• Try it:
Begin with the first line below and retype each line exactly through the line containing "Lenin tenía otra idea sobre el socialismo". Any pictures are to be left out.

[Dataset excerpts]

________________________________________

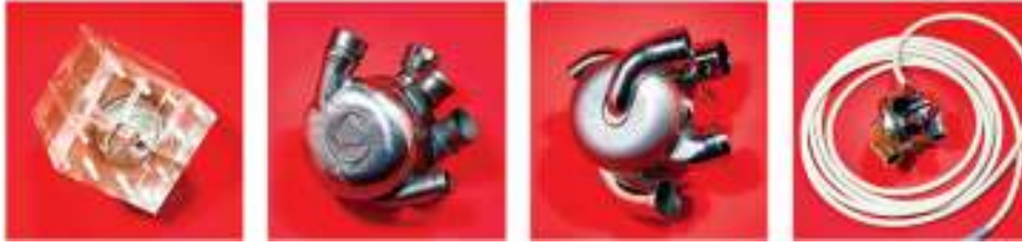
Şekil 6. BIVACOR gelişimi; ilk tasarım(sol), hayvan denemeleri için geliştirilen 2 prototip(orta), insan anatomisine uygun nihai tasarım(sağ) [32]
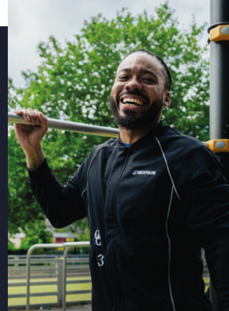
LOOK N°2 PARIS 93
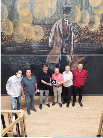
Budin Kimyevi Maddeler San. Ve Tic. Ltd. Şti.

Pandemiden önce başladığımız ancak pandemi sebebiyle uzun zaman ara verdiğimiz firma ziyaretlerimize tekrar başlanmıştır. » Tıklayınız. (Link 8)
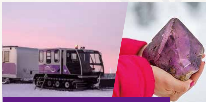
紫水晶礦場 Amethyst Mine

總面積約13000-20000平方米。在零下5度的冰雪城堡內觀賞每年不同的大型冰雕展覽，設有冰雪酒店、冰雪教堂、餐廳與酒吧，享受獨一無二的冰雪體驗。
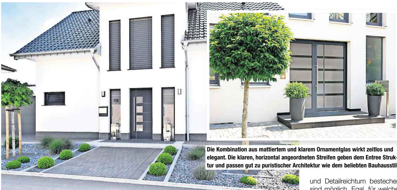
Für Haustürfüllungen gibt es verschiedene Ornamentgläser und detailreiche Schmuckverglasungen, die gläserne Eleganz in den Eingangsbereich einziehen lassen

Puristisch und gleichzeitig funktional sind etwa Ganzglas-Seitenteile aus mattiertem Glas mit klarem Rand, bei denen Hausnummer oder Straßenna-me als klares Motiv integriert werden. Besondere Akzente erzielen
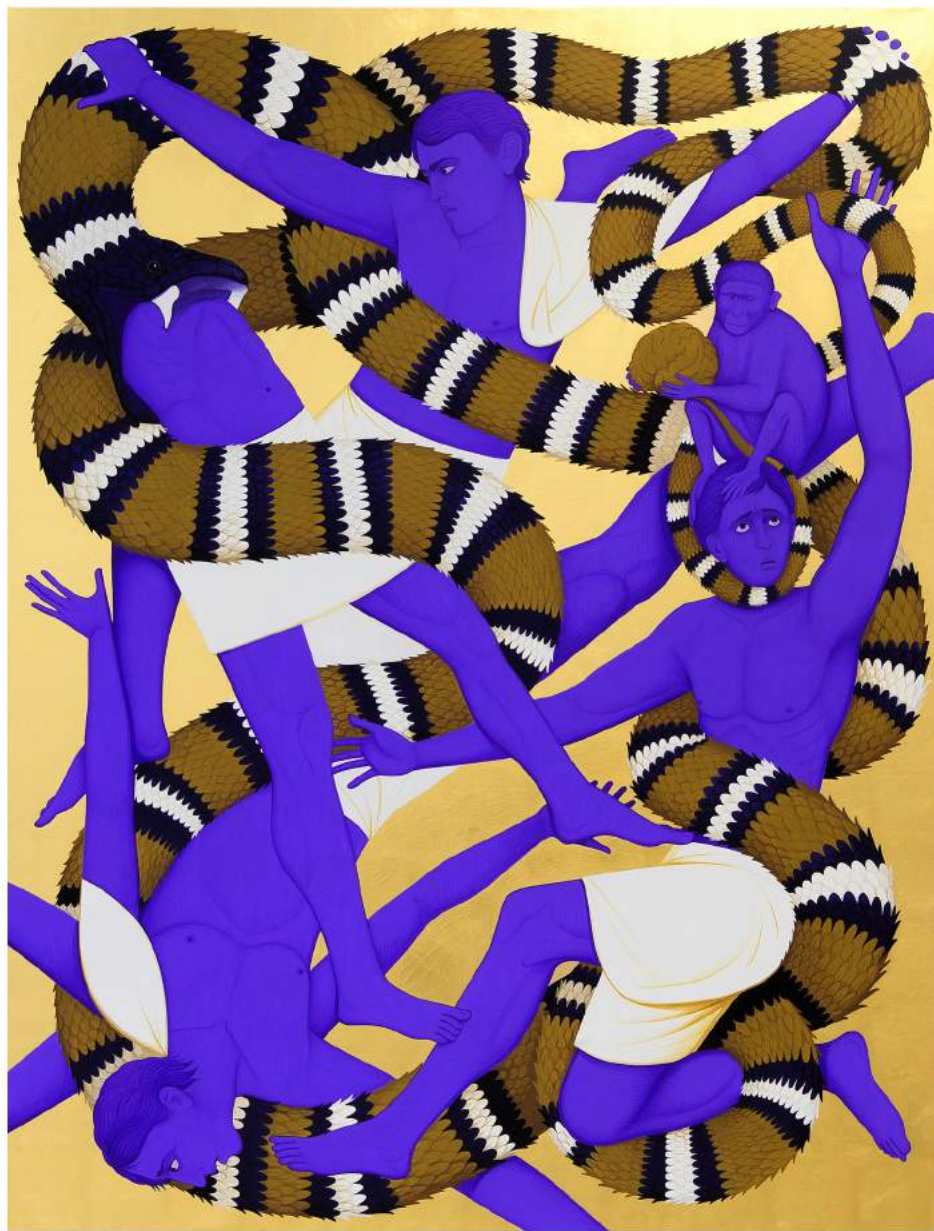
Untitled, 2024 | Acrylic and gold leaf on canvas | 150 x 115 cm
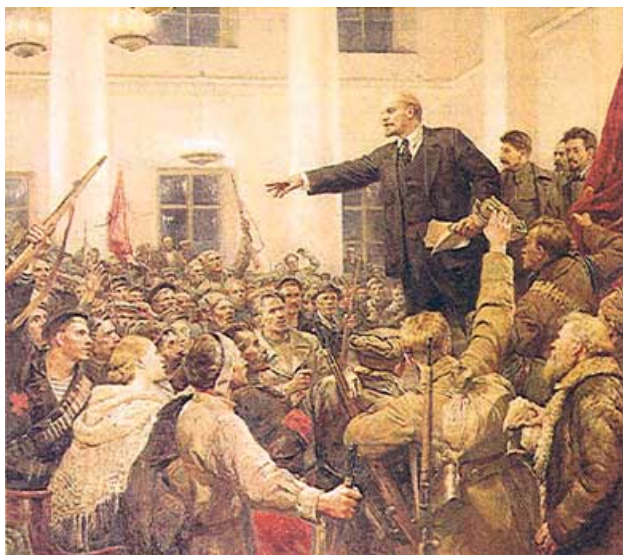
Lenin tenía otra idea sobre el socialismo

Lenin murió en enero de 1924 profundamente preocupado por las deformaciones burocráticas del joven Estado soviético. Lo que se construyó al final en la URSS distaba mucho de las ideas planteadas por Lenin en "El Estado y la Revolución". El Estado soviético no llegó nunca a ser transformado realmente y eso se apreció, con mucha claridad en las relaciones del centro con la periferia, especialmente en su relación con los pueblos de Asia Central.
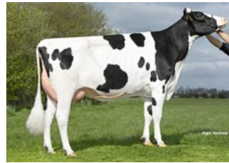
Koepon Altuve Range 7 RDC VG-87
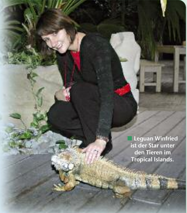
■ Leguan Winfried ist der Star unter den Tieren im Tropical Islands.

Wer in Brandenburgs tropischem Regenwald auf Safari geht, taucht in eine Tier- und Pflanzenwelt ein, die sich ganz natürlich entwickelt.
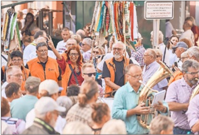
Der große Festumzug zieht am 22.09.2024 durch die Heiligenstädter Innenstadt.
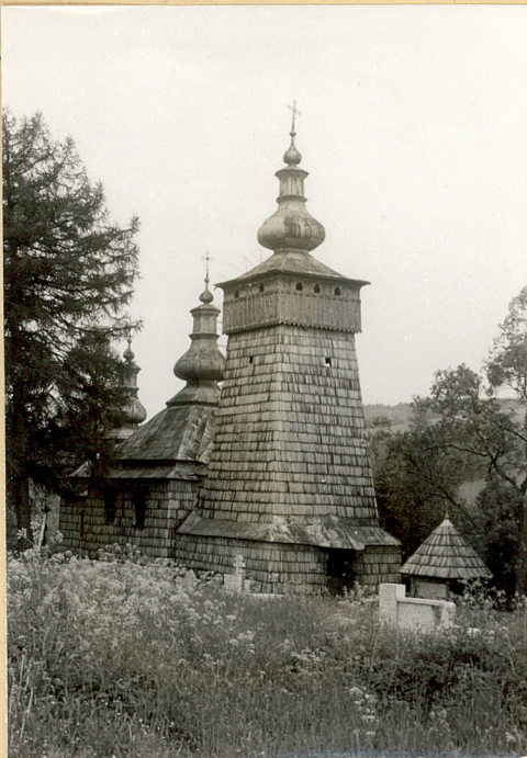
1. Cerkiew drewniana
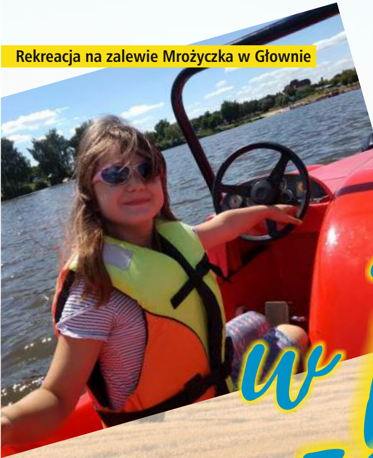
Rekreacja na zalewie Mrożyczka w Głownie
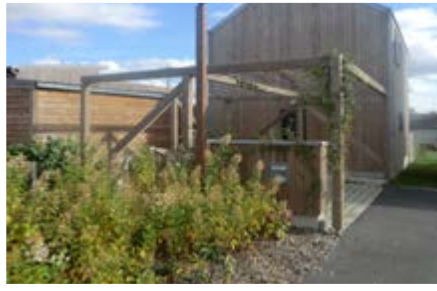
Carports végétalisés à Rennes

Ces carports groupés assurent un gain de place. Dans ce quartier, ils servent notamment d'abri lors des fêtes de voisinage.
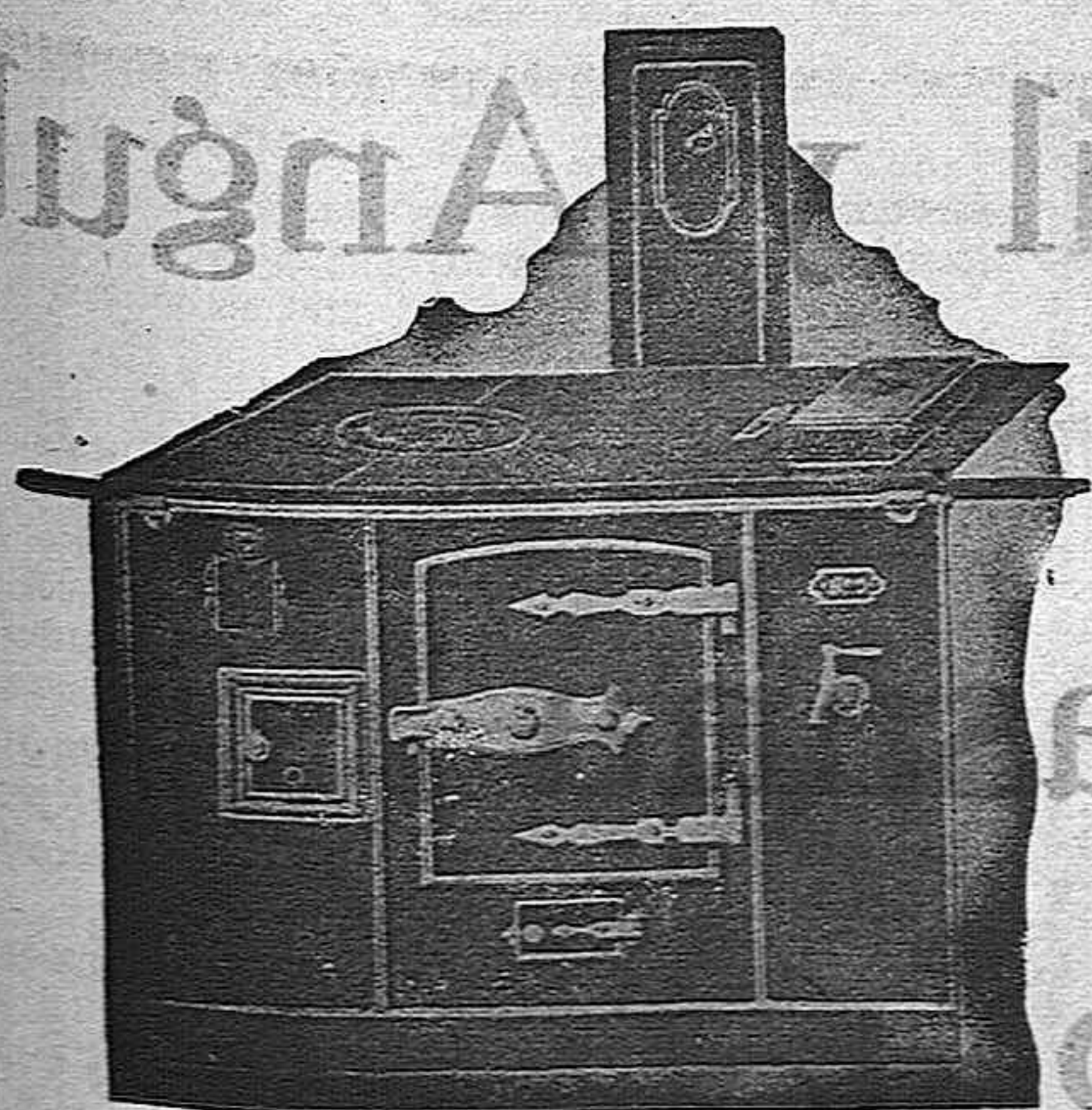
La Cocina "ABANDO" no tiene rival Puede adquirirla en los almacenes de ferretería de
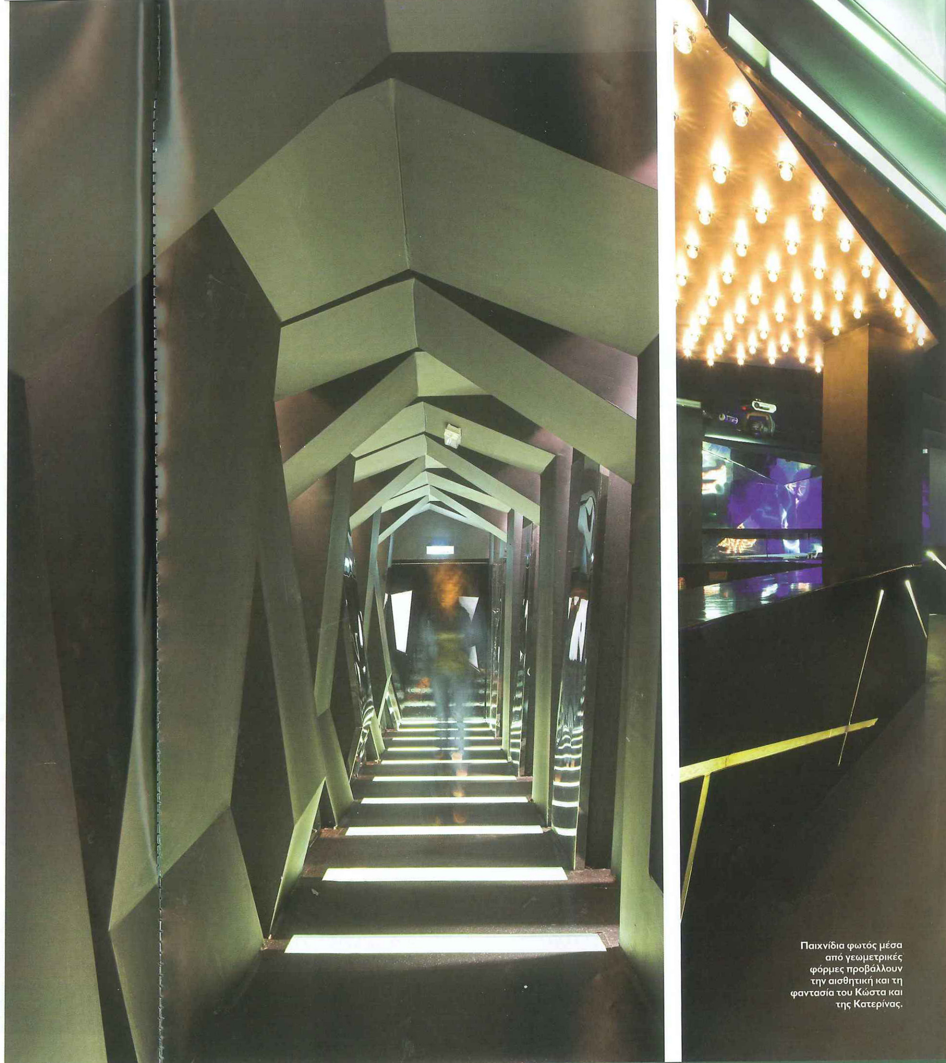
Παιχνίδια φωτός μέσα από γεωμετρικές φόρμες προβάλλουν την αισθητική και τη φαντασία του Κώστα και της Κατερίνας.

Το Fluid architecture ξεκίνησε ως μια ομάδα - πλατφόρμα με σκοπό να φέρει μαζί και σε συνεργασία άτομα και κλάδους που έχουν κοινές αναζητήσεις και προβληματισμούς, και προέρχονται είτε από τον χώρο της αρχιτεκτονικής, της αρχιτεκτονικής τοπίου, του design, της διακόσμησης και γενικά των τεχνών. Η ομάδα λειτουργεί ως μέσο ανταλλαγής ιδεών, σκέψεων και προβληματισμών με σκοπό την κατανόηση του σύγχρονου τρόπου ζωής σε τοπικό και διεθνές επίπεδο, δίνοντας λύσεις μέσα από projects που καλύπτουν ένα ευρύ φάσμα κλίμακας από ένα μικρό κομμάτι επίπλου μέχρι ένα μεγάλο αστικό κτίριο ή ακόμα ένα πολεοδομικό σχέδιο. Το όνομα, εκτός από την έκφραση της φιλοσοφίας →
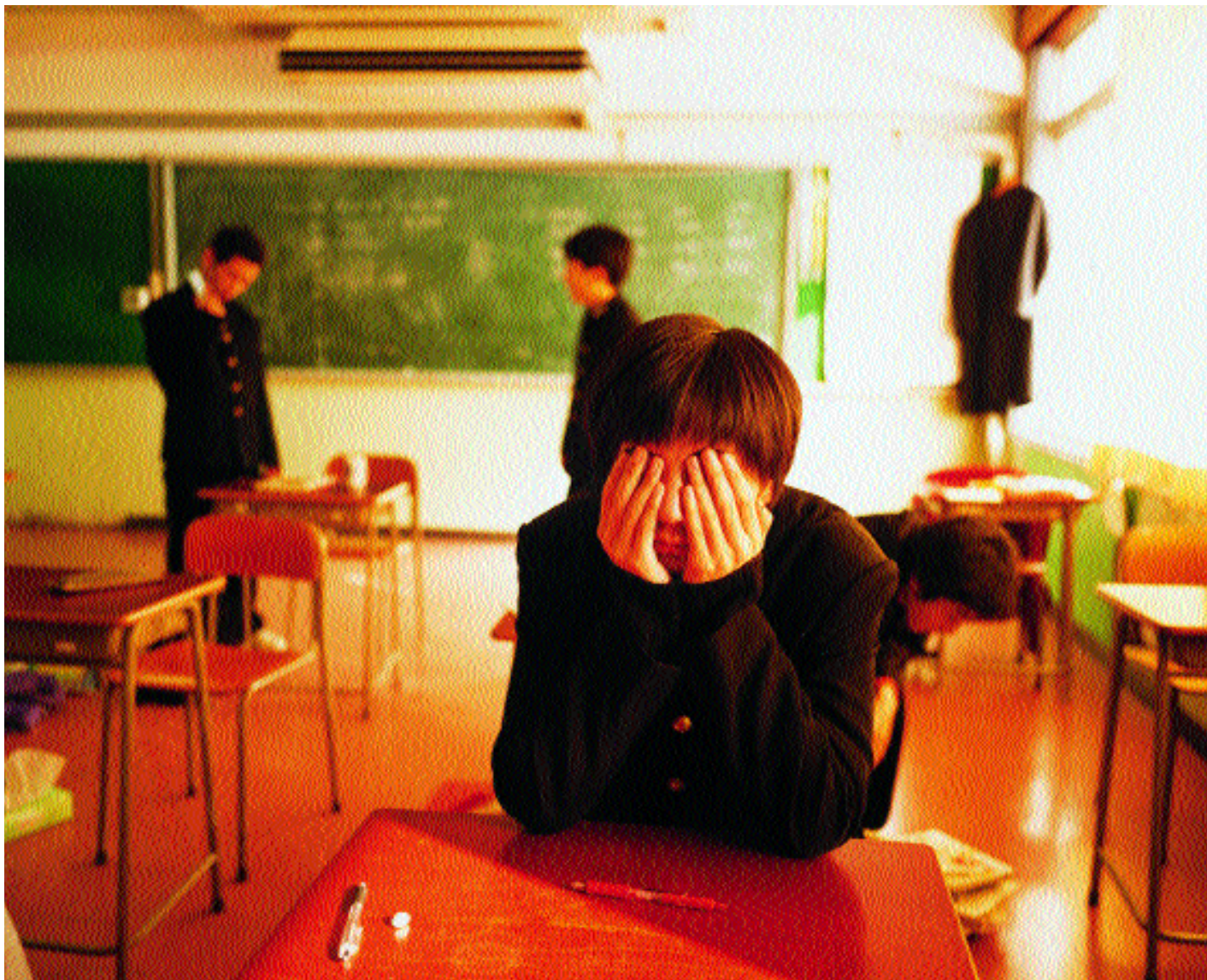
Un alumno agotado al término de una larga jornada de clase, Escuela Agrícola de Hanamaki.
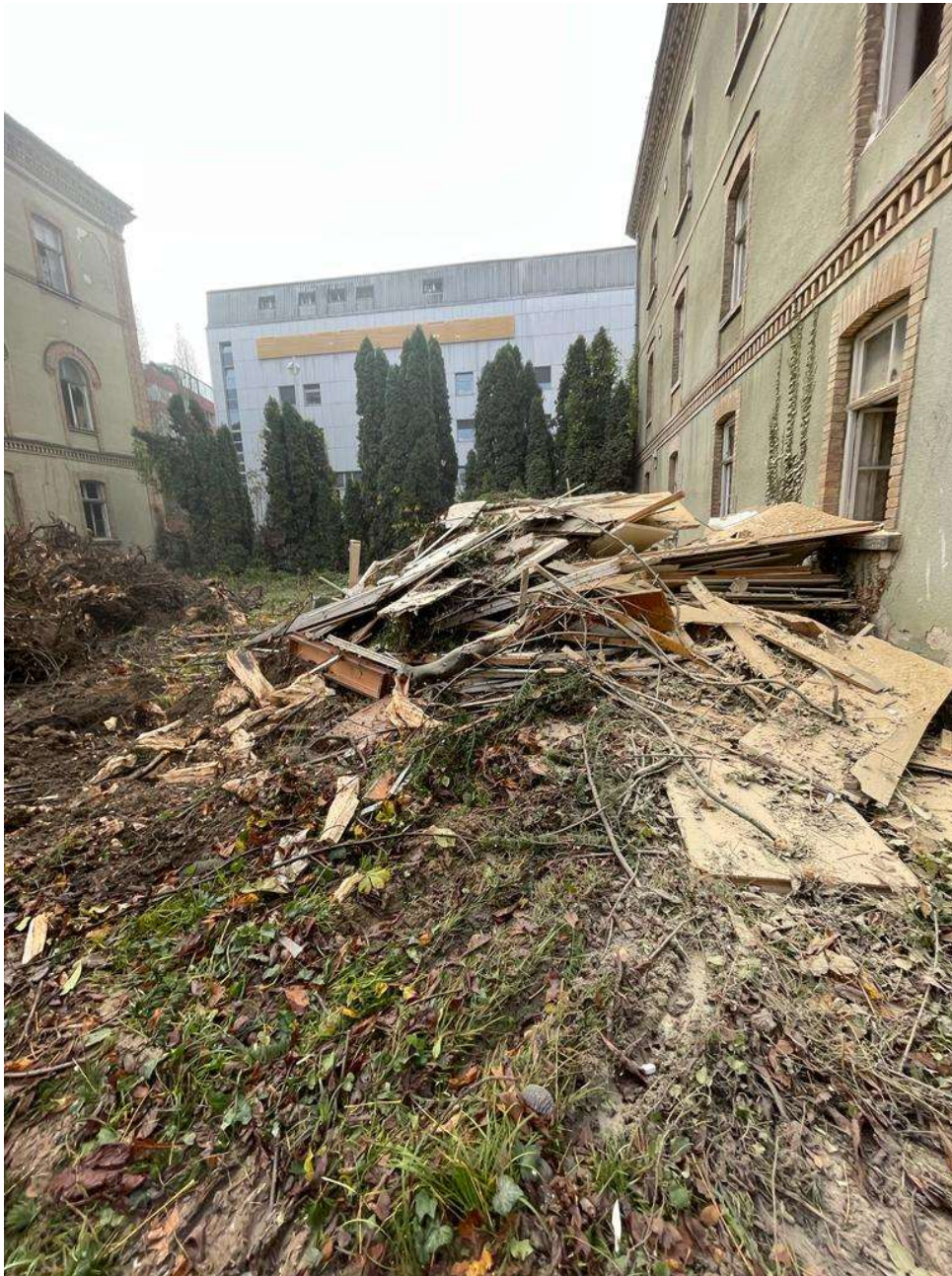
Slika 7 Razvrstavanje otpada na gradilištu 1

pregradnih zidova te zidne i podne obloge u sanitarnim čvorovima uklanjaju se električnim pneumatskih čekićem, klasificiraju kao otpad te se odvoze na odlagalište otpada. Postojeće instalacije grijanja uklonjene su te se svrstavaju u kategoriju građevinskog otpada metali, a moguće je od njih preradom u talionici izraditi limove ili ograde te slične nekonstruktivne elemente. Sav preostali namještaj i predmeti koji su nađeni u zgradama prije početka gradnje pripadaju u kategoriju glomaznog otpada. Gospodarenje otpadom na gradilištu nije samo pitanje ispunjavanja zakonske obaveze već je i dio organizacije gradilišta pogotovo kada se radi o ovako velikom projektu. Sav otpad na gradilištu odvajanje je prema vrsti otpada te načinu njegove ponovne uporabe te lokaciji na koju će se voziti što je vidljivo na slikama 7, 8 i 9.
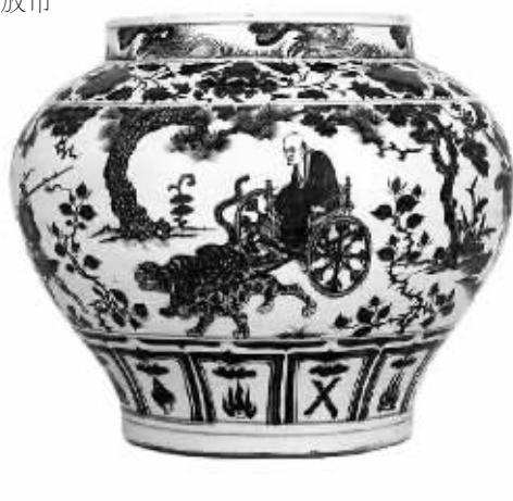
元青花鬼谷子下山图罐
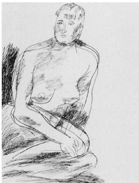
Augustinas SAVICKAS. Moteris su nuleista ranka . 1981. Popierius, tušas. 30 × 20
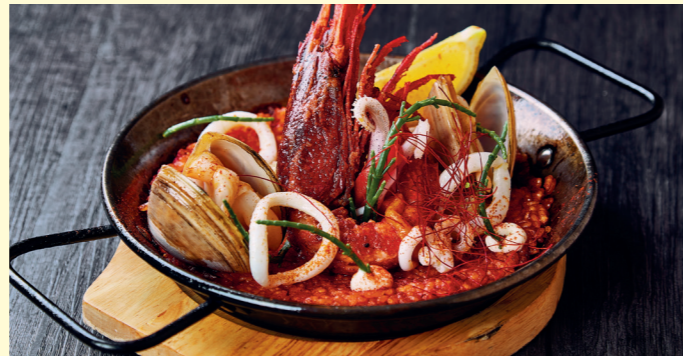
Seafood Paella (Upgrade to Red Prawn +$138) $248 西班牙海鮮飯 (升級至西班牙紅蝦 +$138)

________________________________________

• Answer to this task:
Şekil 6. BIVACOR gelişimi; ilk tasarım(sol), hayvan denemeleri için geliştirilen 2 prototip(orta), insan anatomisine uygun nihai tasarım(sağ) [32]
LOOK N°2 PARIS 93
Budin Kimyevi Maddeler San. Ve Tic. Ltd. Şti.

Pandemiden önce başladığımız ancak pandemi sebebiyle uzun zaman ara verdiğimiz firma ziyaretlerimize tekrar başlanmıştır. » Tıklayınız. (Link 8)
紫水晶礦場 Amethyst Mine

總面積約13000-20000平方米。在零下5度的冰雪城堡內觀賞每年不同的大型冰雕展覽，設有冰雪酒店、冰雪教堂、餐廳與酒吧，享受獨一無二的冰雪體驗。
Für Haustürfüllungen gibt es verschiedene Ornamentgläser und detailreiche Schmuckverglasungen, die gläserne Eleganz in den Eingangsbereich einziehen lassen

Puristisch und gleichzeitig funktional sind etwa Ganzglas-Seitenteile aus mattiertem Glas mit klarem Rand, bei denen Hausnummer oder Straßenna-me als klares Motiv integriert werden. Besondere Akzente erzielen
Untitled, 2024 | Acrylic and gold leaf on canvas | 150 x 115 cm
Lenin tenía otra idea sobre el socialismo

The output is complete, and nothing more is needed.